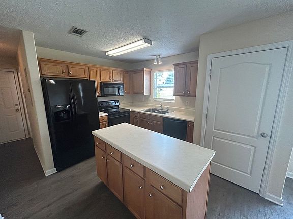 The house features spacious living room, large bedrooms, island-style kitchen, and a back patio. All major appliances are included: refrigerator, stove, dishwasher, microwave, and washer & dryer.
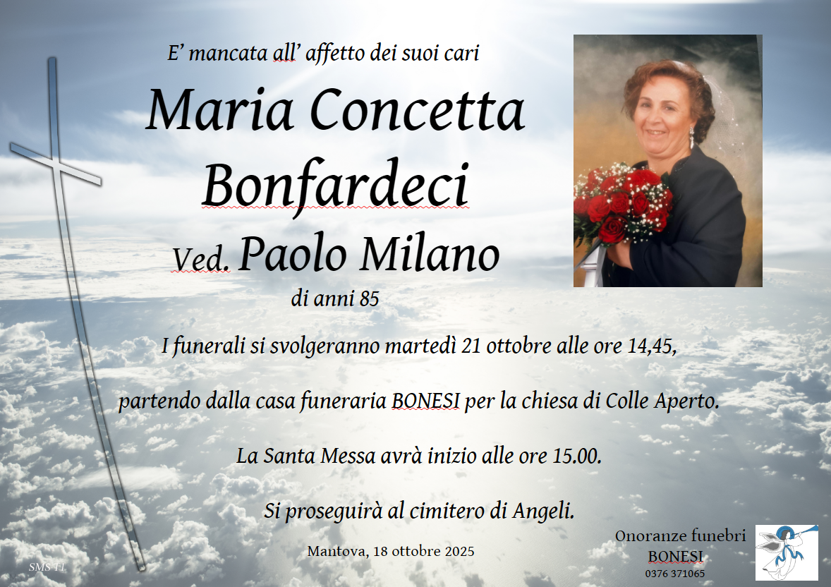 I funerali si svolgeranno lunedì 20 ottobre alle ore 14.40,partendo dalla casa funeraria BONESI per
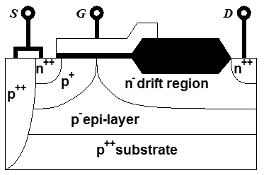 The channel region is in the p+ region, from the heavily n-doped source well to the end of the p+ region. The drift region is a lightly doped drain extension. Further down, there is a p-type epi-layer, and then the entire structure is on a heavily p-doped substrate. The gate oxide is thin over the entire channel region and over part of the drift region. Further into the drift region, the gate oxide has a greater thickness in the local-oxidation-of-silicon (LOCOS) region.
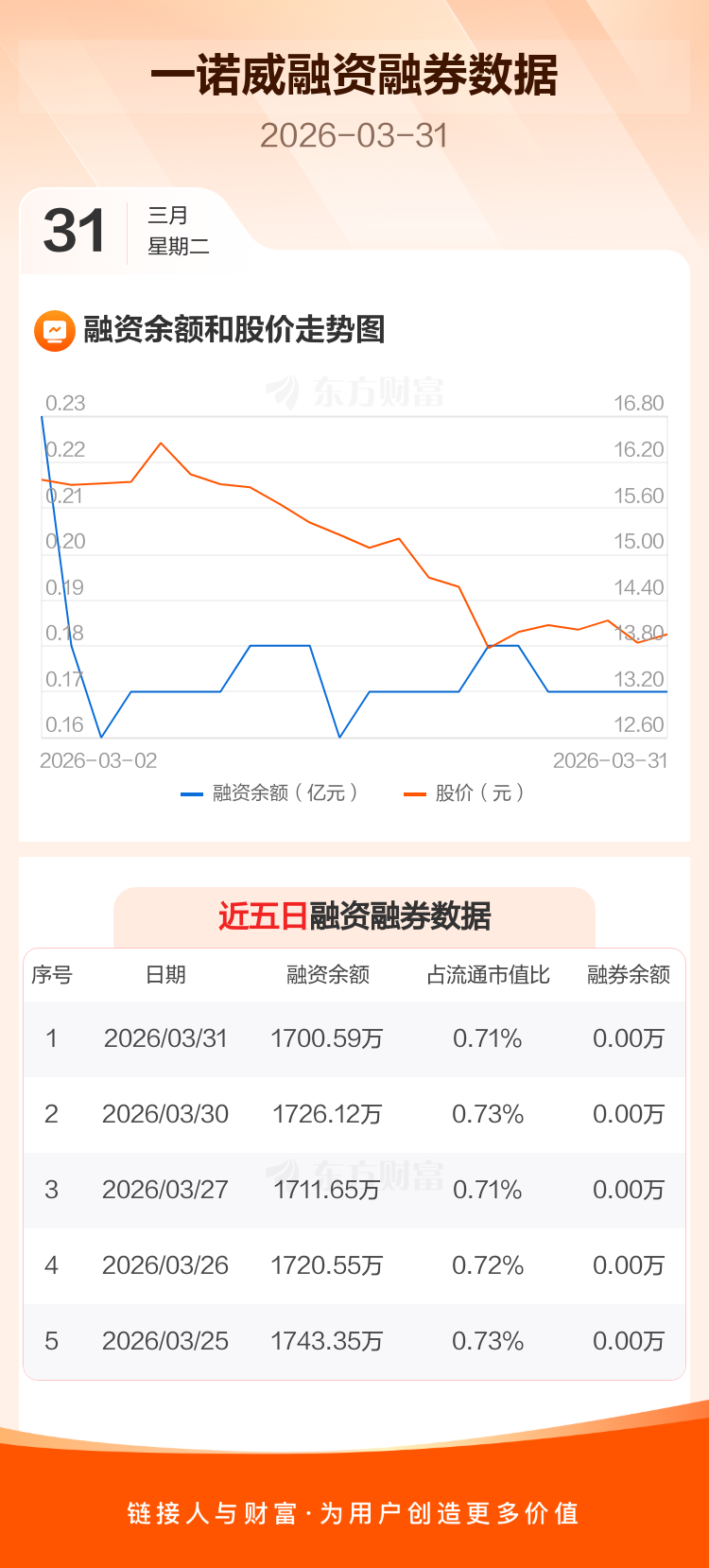 交易所最新数据显示,一诺威于2026年3月31日获融资买入46.58万元,融资偿还72.10万元,当日融资净偿还25.52万元。目前,该股融资余额1700.59万,占流通市值比例为0.71%。
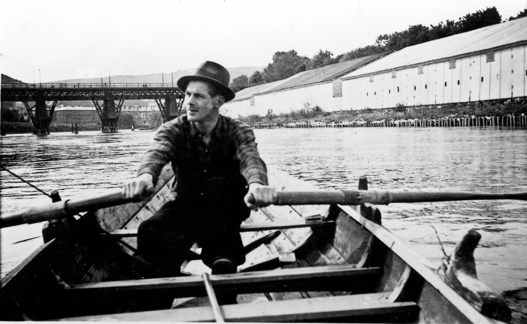 Emils sønn, Sigfred Simonsen, dorger etter laks og ørret i Nidelva etter krigen. Bildet er tatt før arbeidet med den nye Elgeseter bru ble starta i 1949. Til høgre Marinen med lagerbygningene som for lengst er borte. Privat foto.

════════════════════

Give again, exactly as written above, each line from the one that has "I funerali si" to the one that has "交易所最新数据显示,一诺威于", both included; omit the pictures.

Solved problem:
 I funerali si svolgeranno lunedì 20 ottobre alle ore 14.40,partendo dalla casa funeraria BONESI per
 The channel region is in the p+ region, from the heavily n-doped source well to the end of the p+ region. The drift region is a lightly doped drain extension. Further down, there is a p-type epi-layer, and then the entire structure is on a heavily p-doped substrate. The gate oxide is thin over the entire channel region and over part of the drift region. Further into the drift region, the gate oxide has a greater thickness in the local-oxidation-of-silicon (LOCOS) region.
 交易所最新数据显示,一诺威于2026年3月31日获融资买入46.58万元,融资偿还72.10万元,当日融资净偿还25.52万元。目前,该股融资余额1700.59万,占流通市值比例为0.71%。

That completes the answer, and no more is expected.